Due to the delicate balance of the three-way flow, pieces of the object to be processed and scum are completely conveyed, so that no contamination occurs. In addition to sterilizing food ingredients, curing resin pellets,
It can also be used for coating film curing.

[Brief description of the drawings]

FIG. 1 is a front view of a central longitudinal section of an electron beam irradiation apparatus according to an embodiment of the present invention.

FIG. 2 is a vertical sectional side view of a portion of a conveyance path of the apparatus of FIG.
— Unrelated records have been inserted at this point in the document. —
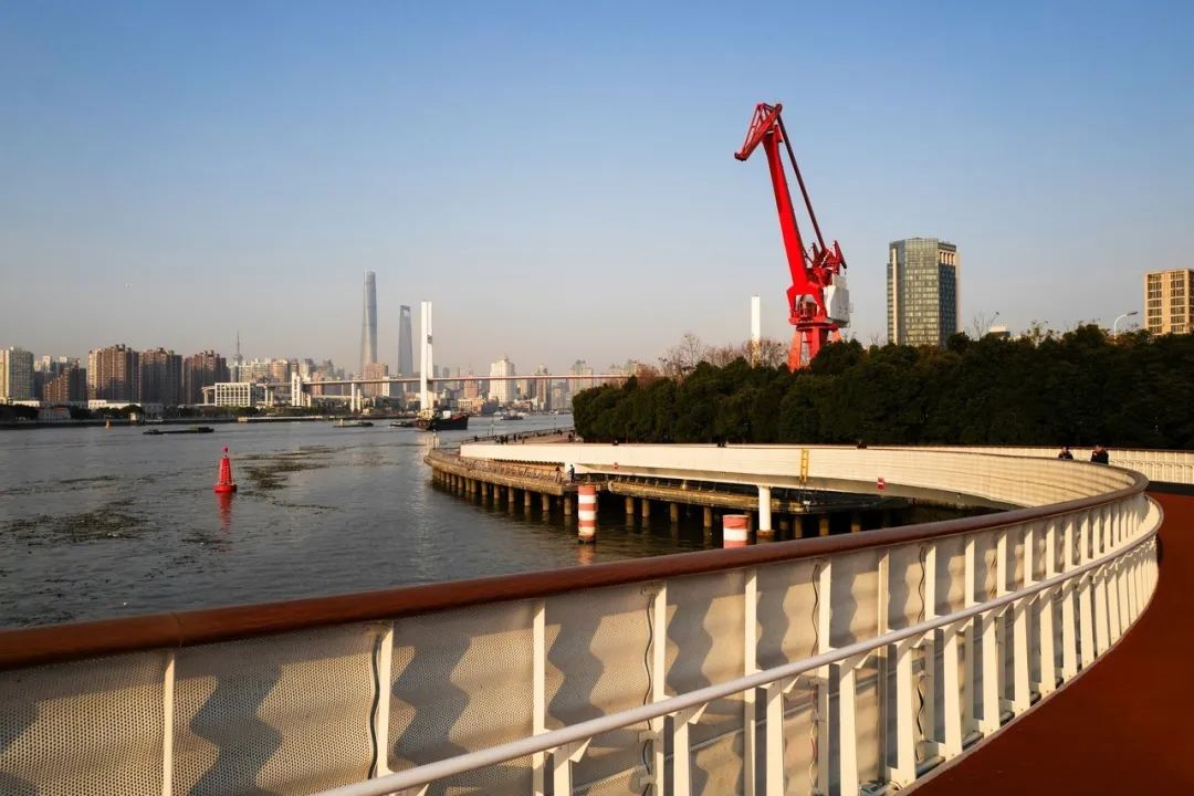 其昌栈桥,2017年底建成,主桥全长340米,宽5米。设计师巧妙地将人行漫步道、跑步道和骑行道“三线”抬升,通过心脏搭桥手术式精细施工,在空间上实现曲线柔和地过渡,满足其昌栈轮渡、东方路隧道的正常运行。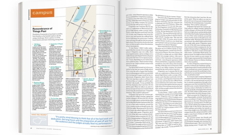 “The hill winds will always remember those lost on September 11,” reads this bronze plaque mounted on the east wall of the Zahm Courtyard. It commemorates the 11 Dartmouth alumni who lost their lives in the attacks, although their names are not listed. Above the words a dove with an olive branch is emblazoned on the bronze.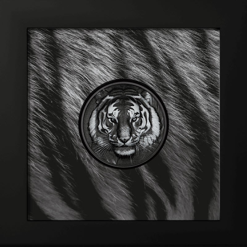 Эта чудесная серебряная монета посвящена тигру – символу силы и независимости. У нее качество пруф черный обсидиан. Поставляется в оригинальном футляре с сертификатом подлинности. Тираж: 500 штук.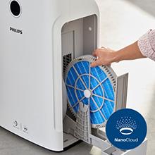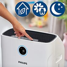 | Hygienic Humidification up to 600 ml/hNanoCloud technology uses a natural and hygienic evaporation process to ensure superior performance up to 600 ml/h. Once the water is evaporated, the water mist becomes invisible and the smaller molecules are less able to carry bacteria into the air. Our laboratory testing confirms that NanoCloud technology spreads 99% less bacteria than leading ultrasonic humidifiers. It also prevents wet spots and white dust. | AeraSense TechnologyBenchmarked against a professional-grade sensor, Philips AeraSense technology is highly effective in sensing even the slightest change in indoor air conditions. It continuously monitors the air and automatically adjusts the fan speed when it detects a change in particles. | Reduces Bacteria and VirusesOptimised purification function effectively detects and reduces bacteria and viruses, such as H1N1 (influenza), for cleaner air and a healthier home. | 2 Usage ScenariosSwitch between 2-in-1 and Purifier Only modes at the touch of a button. Choose 2-in-1 for cleaner air without dry air discomfort during dry seasons. Purifier Only mode turns off the humidification function when it isn’t required. |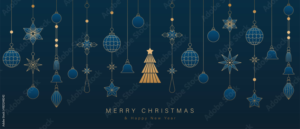 Fototapeta na wymiar - Christmas vector greeting card illustration with blue background, gold hanging ornaments and stars for Happy New Year — elegant festive design.

FIG. 3 is a vertical cross-sectional side view of a transport path portion including an irradiation window of the apparatus of FIG.

[Explanation of symbols]

 DESCRIPTION OF SYMBOLS 1 Vacuum chamber 2 Shield electrode 3 Filament 4 Irradiation window 5 Window foil 6 Window foil flange 7 Window foil holder 8 Housing 9 Transport mechanism 10 Transport path 11 Input hopper 12 Discharge hopper 13 Transport path bottom plate 14 Upper plate of transport path 15 Front plate of transport path DESCRIPTION OF SYMBOLS 16 Back plate of conveyance path 17, 18 Side plate of conveyance path 20 Lower perforated plate 21 Upper perforated plate 22 Front perforated plate 23 Lower gas chamber 24 Upper gas chamber 25 Front gas chamber 30 Blower 31 First flow control valve 32 Second flow control valve 33 Third flow control valve 34 Piping 35 Piping 36 Piping 37 Piping 38 Piping 39 Piping H Particles e Electron beam

 ────────────────────────────────────────────────── ─── Continuing on the front page (72) Inventor Mutsui Mizutani F-term (reference) 4C058 AA21 BB06 EE22 EE23 KK03 4G075 AA22 AA30 AA61 BB10 CA03 CA39 EB31 in Nisshin High Voltage Co., Ltd. EC02 ED11 FB02

Claims (3)

[Claims] 1. A porous plate provided at an input port of a granular material, a transfer path, a discharge port of an object to be processed, a start end, an upper part, and a lower part of a transfer path. By a mechanism that can independently control the flow rate, a transport mechanism that lifts and transports the powder and granules by blowing gas in at least three directions, a housing that surrounds the transport mechanism, and an electron beam fixed outside the housing An electron beam irradiating apparatus, comprising: an electron beam generating mechanism for generating and accelerating, wherein the electron beam is radiated while mixing and agitating the powder and granules in a transport mechanism. 2. The method according to claim 1, wherein the particles are suspended and transported by a gas flow from at least three directions in a transport path surrounded by a housing, and irradiated with an electron beam during the transport, whereby the particles are removed. An electron beam irradiation method comprising performing electron beam treatment. 3. An object to be processed, which is floated and conveyed by a gas flow from at least three directions in a conveyance path surrounded by a housing, and is irradiated with an electron beam during the conveyance.